_TASK BRIEF_. Reproduce the entries exactly and omit the pictures.

_TASK DATA_.
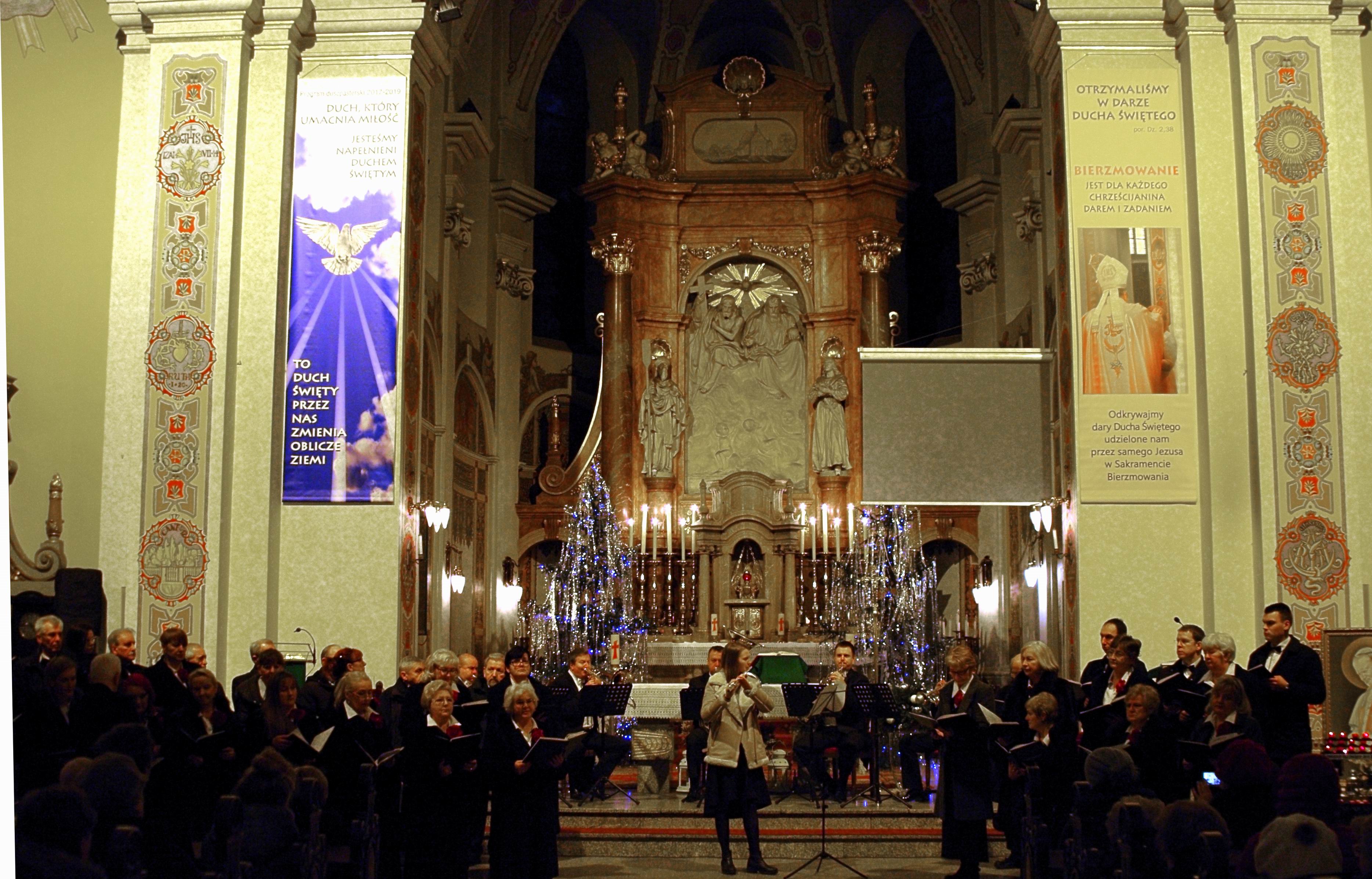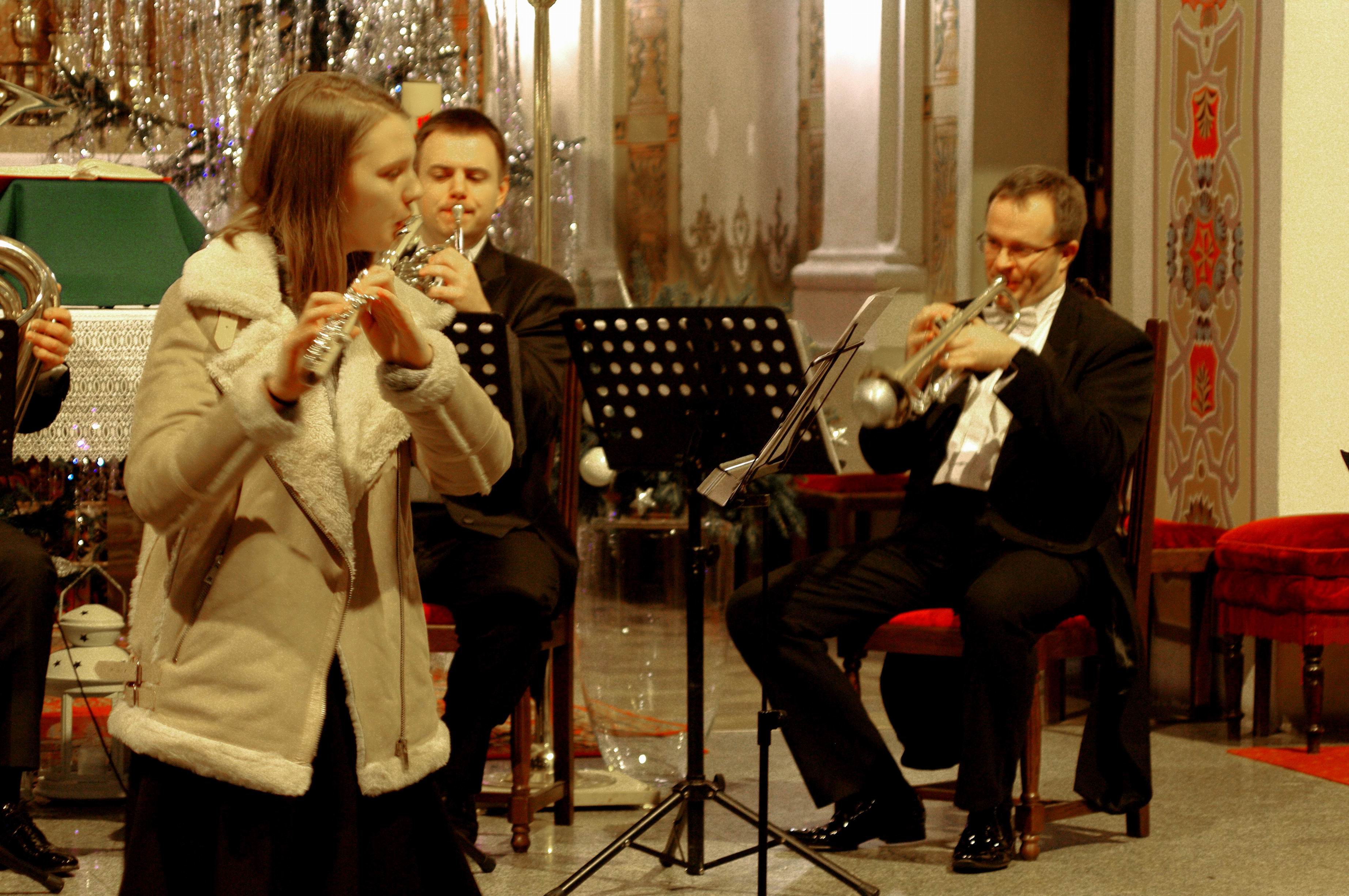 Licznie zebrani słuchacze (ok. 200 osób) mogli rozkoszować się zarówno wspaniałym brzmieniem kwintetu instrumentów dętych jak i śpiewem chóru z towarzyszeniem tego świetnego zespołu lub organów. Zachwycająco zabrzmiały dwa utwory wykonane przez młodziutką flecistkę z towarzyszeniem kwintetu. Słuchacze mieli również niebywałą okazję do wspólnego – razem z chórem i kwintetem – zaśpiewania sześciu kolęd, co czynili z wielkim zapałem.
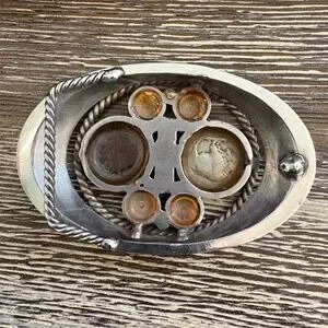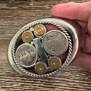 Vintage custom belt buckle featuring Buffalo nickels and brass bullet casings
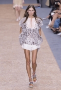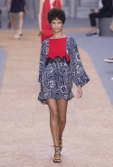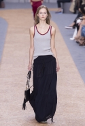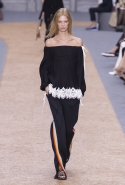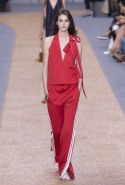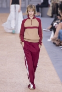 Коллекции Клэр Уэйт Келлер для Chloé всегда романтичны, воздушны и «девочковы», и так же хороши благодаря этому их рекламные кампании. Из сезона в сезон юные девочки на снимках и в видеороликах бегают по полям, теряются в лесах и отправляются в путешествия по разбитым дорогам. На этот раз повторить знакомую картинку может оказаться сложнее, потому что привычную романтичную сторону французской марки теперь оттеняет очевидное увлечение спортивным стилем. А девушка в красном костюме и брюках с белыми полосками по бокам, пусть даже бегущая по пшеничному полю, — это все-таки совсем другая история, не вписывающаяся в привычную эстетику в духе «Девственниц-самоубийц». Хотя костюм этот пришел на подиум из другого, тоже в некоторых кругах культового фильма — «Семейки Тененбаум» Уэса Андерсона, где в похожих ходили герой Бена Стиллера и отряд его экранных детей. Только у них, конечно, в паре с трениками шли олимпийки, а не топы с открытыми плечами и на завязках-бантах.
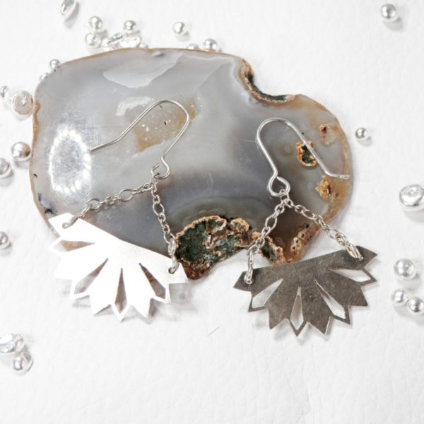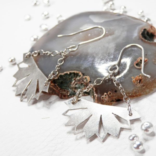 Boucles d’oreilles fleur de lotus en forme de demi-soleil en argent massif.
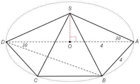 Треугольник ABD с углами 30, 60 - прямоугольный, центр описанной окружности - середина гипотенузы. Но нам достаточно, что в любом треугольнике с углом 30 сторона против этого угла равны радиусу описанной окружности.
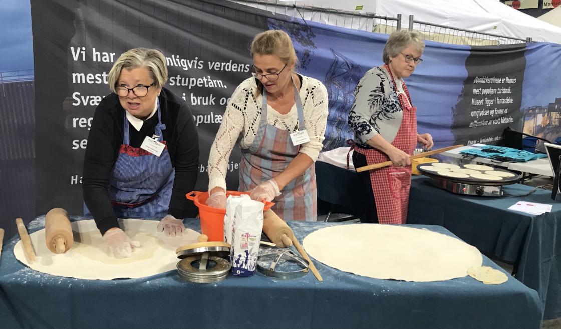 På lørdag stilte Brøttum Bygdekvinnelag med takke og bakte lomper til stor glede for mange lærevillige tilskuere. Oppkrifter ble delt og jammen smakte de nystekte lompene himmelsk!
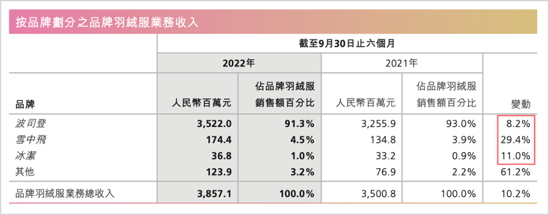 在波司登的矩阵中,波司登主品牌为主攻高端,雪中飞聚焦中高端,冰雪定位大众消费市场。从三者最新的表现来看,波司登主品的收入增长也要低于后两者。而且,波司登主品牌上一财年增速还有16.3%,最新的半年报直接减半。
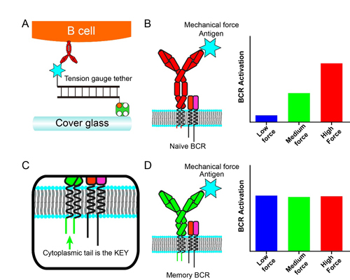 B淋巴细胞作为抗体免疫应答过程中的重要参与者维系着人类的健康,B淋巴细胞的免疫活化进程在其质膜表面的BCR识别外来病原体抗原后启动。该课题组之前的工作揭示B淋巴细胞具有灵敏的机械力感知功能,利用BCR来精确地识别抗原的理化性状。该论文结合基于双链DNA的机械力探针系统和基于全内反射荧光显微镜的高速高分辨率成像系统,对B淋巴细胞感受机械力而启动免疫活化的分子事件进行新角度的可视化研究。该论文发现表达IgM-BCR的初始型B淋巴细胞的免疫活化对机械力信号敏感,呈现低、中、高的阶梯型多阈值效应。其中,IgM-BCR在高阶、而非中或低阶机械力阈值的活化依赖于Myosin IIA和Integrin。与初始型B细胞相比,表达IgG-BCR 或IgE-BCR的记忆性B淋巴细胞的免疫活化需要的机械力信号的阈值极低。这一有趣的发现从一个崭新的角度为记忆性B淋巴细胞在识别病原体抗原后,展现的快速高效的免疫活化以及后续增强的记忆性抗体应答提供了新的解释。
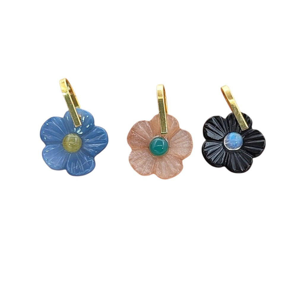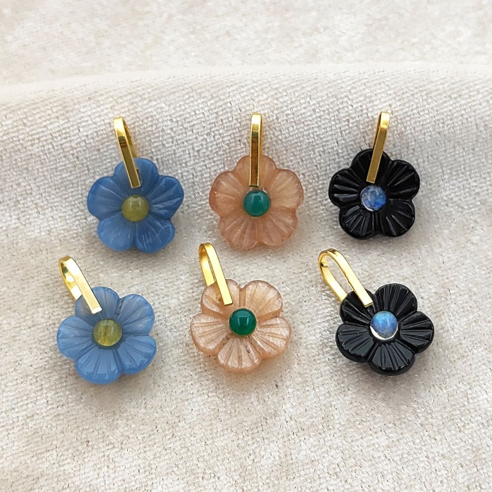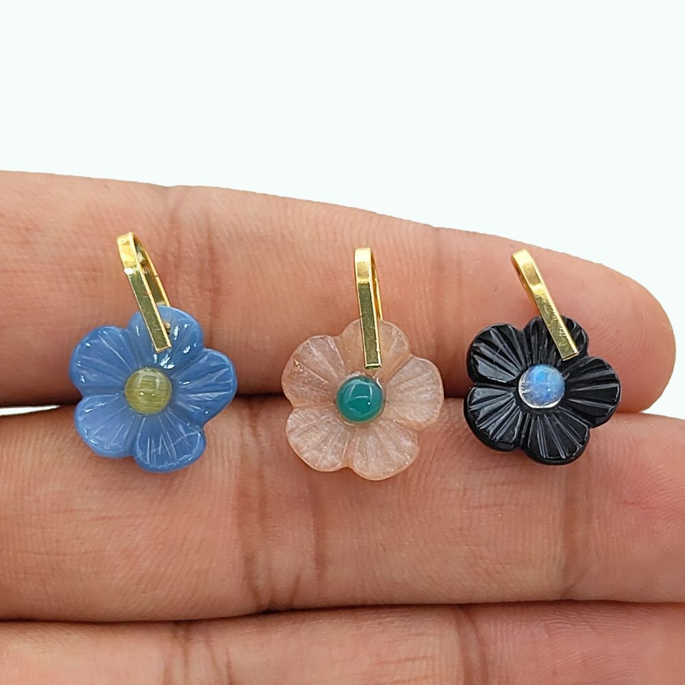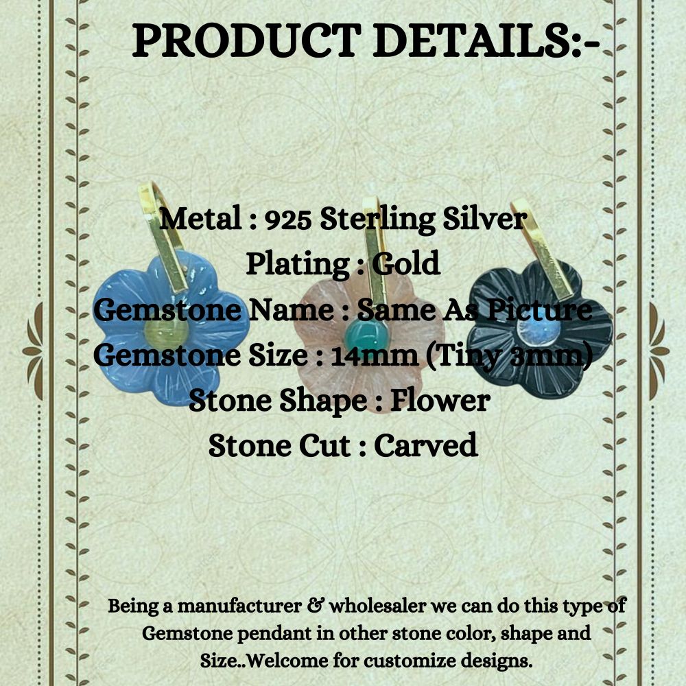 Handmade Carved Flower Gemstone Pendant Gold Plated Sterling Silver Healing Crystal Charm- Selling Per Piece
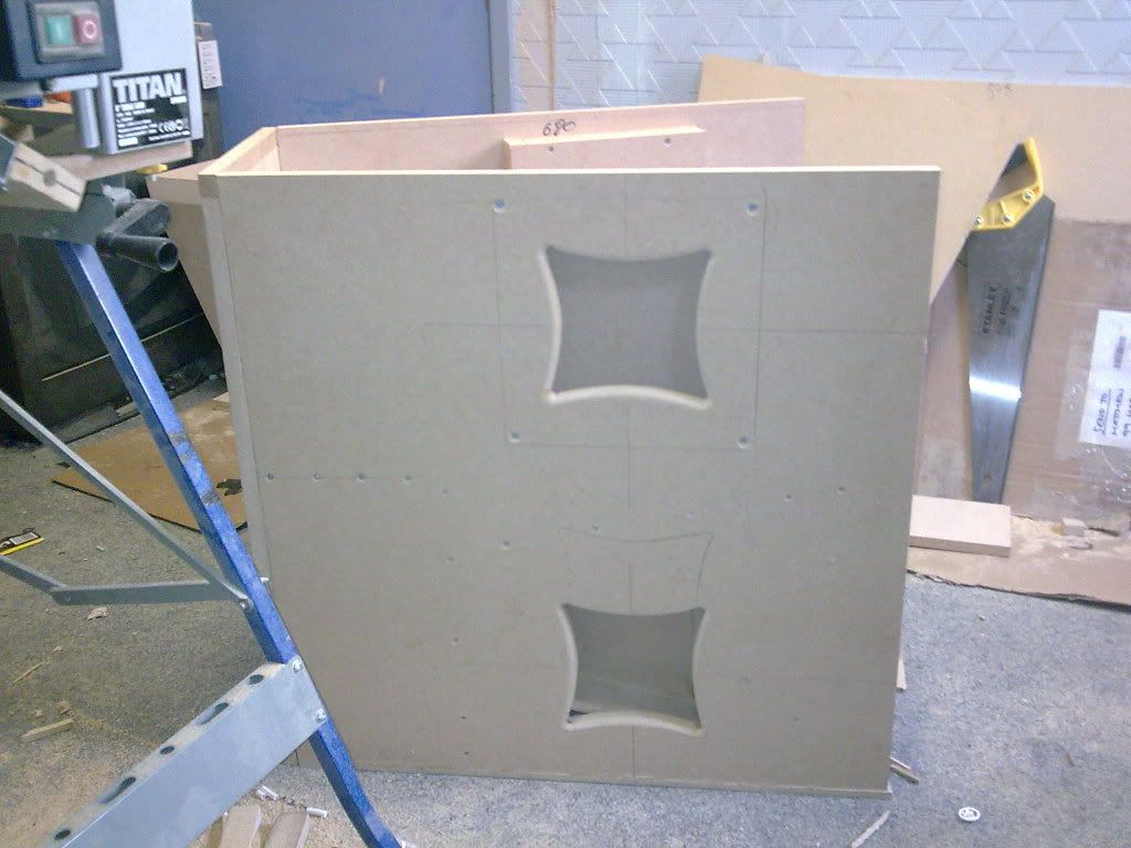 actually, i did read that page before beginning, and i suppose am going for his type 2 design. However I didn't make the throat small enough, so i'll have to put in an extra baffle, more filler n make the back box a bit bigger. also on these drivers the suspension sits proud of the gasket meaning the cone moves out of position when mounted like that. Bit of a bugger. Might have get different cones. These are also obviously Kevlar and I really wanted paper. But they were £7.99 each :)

_TASK SOLUTION_.
 Licznie zebrani słuchacze (ok. 200 osób) mogli rozkoszować się zarówno wspaniałym brzmieniem kwintetu instrumentów dętych jak i śpiewem chóru z towarzyszeniem tego świetnego zespołu lub organów. Zachwycająco zabrzmiały dwa utwory wykonane przez młodziutką flecistkę z towarzyszeniem kwintetu. Słuchacze mieli również niebywałą okazję do wspólnego – razem z chórem i kwintetem – zaśpiewania sześciu kolęd, co czynili z wielkim zapałem.
 Vintage custom belt buckle featuring Buffalo nickels and brass bullet casings
 Коллекции Клэр Уэйт Келлер для Chloé всегда романтичны, воздушны и «девочковы», и так же хороши благодаря этому их рекламные кампании. Из сезона в сезон юные девочки на снимках и в видеороликах бегают по полям, теряются в лесах и отправляются в путешествия по разбитым дорогам. На этот раз повторить знакомую картинку может оказаться сложнее, потому что привычную романтичную сторону французской марки теперь оттеняет очевидное увлечение спортивным стилем. А девушка в красном костюме и брюках с белыми полосками по бокам, пусть даже бегущая по пшеничному полю, — это все-таки совсем другая история, не вписывающаяся в привычную эстетику в духе «Девственниц-самоубийц». Хотя костюм этот пришел на подиум из другого, тоже в некоторых кругах культового фильма — «Семейки Тененбаум» Уэса Андерсона, где в похожих ходили герой Бена Стиллера и отряд его экранных детей. Только у них, конечно, в паре с трениками шли олимпийки, а не топы с открытыми плечами и на завязках-бантах.
 Boucles d’oreilles fleur de lotus en forme de demi-soleil en argent massif.
 Треугольник ABD с углами 30, 60 - прямоугольный, центр описанной окружности - середина гипотенузы. Но нам достаточно, что в любом треугольнике с углом 30 сторона против этого угла равны радиусу описанной окружности.
 På lørdag stilte Brøttum Bygdekvinnelag med takke og bakte lomper til stor glede for mange lærevillige tilskuere. Oppkrifter ble delt og jammen smakte de nystekte lompene himmelsk!
 在波司登的矩阵中,波司登主品牌为主攻高端,雪中飞聚焦中高端,冰雪定位大众消费市场。从三者最新的表现来看,波司登主品的收入增长也要低于后两者。而且,波司登主品牌上一财年增速还有16.3%,最新的半年报直接减半。
 B淋巴细胞作为抗体免疫应答过程中的重要参与者维系着人类的健康,B淋巴细胞的免疫活化进程在其质膜表面的BCR识别外来病原体抗原后启动。该课题组之前的工作揭示B淋巴细胞具有灵敏的机械力感知功能,利用BCR来精确地识别抗原的理化性状。该论文结合基于双链DNA的机械力探针系统和基于全内反射荧光显微镜的高速高分辨率成像系统,对B淋巴细胞感受机械力而启动免疫活化的分子事件进行新角度的可视化研究。该论文发现表达IgM-BCR的初始型B淋巴细胞的免疫活化对机械力信号敏感,呈现低、中、高的阶梯型多阈值效应。其中,IgM-BCR在高阶、而非中或低阶机械力阈值的活化依赖于Myosin IIA和Integrin。与初始型B细胞相比,表达IgG-BCR 或IgE-BCR的记忆性B淋巴细胞的免疫活化需要的机械力信号的阈值极低。这一有趣的发现从一个崭新的角度为记忆性B淋巴细胞在识别病原体抗原后,展现的快速高效的免疫活化以及后续增强的记忆性抗体应答提供了新的解释。
 Handmade Carved Flower Gemstone Pendant Gold Plated Sterling Silver Healing Crystal Charm- Selling Per Piece
 actually, i did read that page before beginning, and i suppose am going for his type 2 design. However I didn't make the throat small enough, so i'll have to put in an extra baffle, more filler n make the back box a bit bigger. also on these drivers the suspension sits proud of the gasket meaning the cone moves out of position when mounted like that. Bit of a bugger. Might have get different cones. These are also obviously Kevlar and I really wanted paper. But they were £7.99 each :)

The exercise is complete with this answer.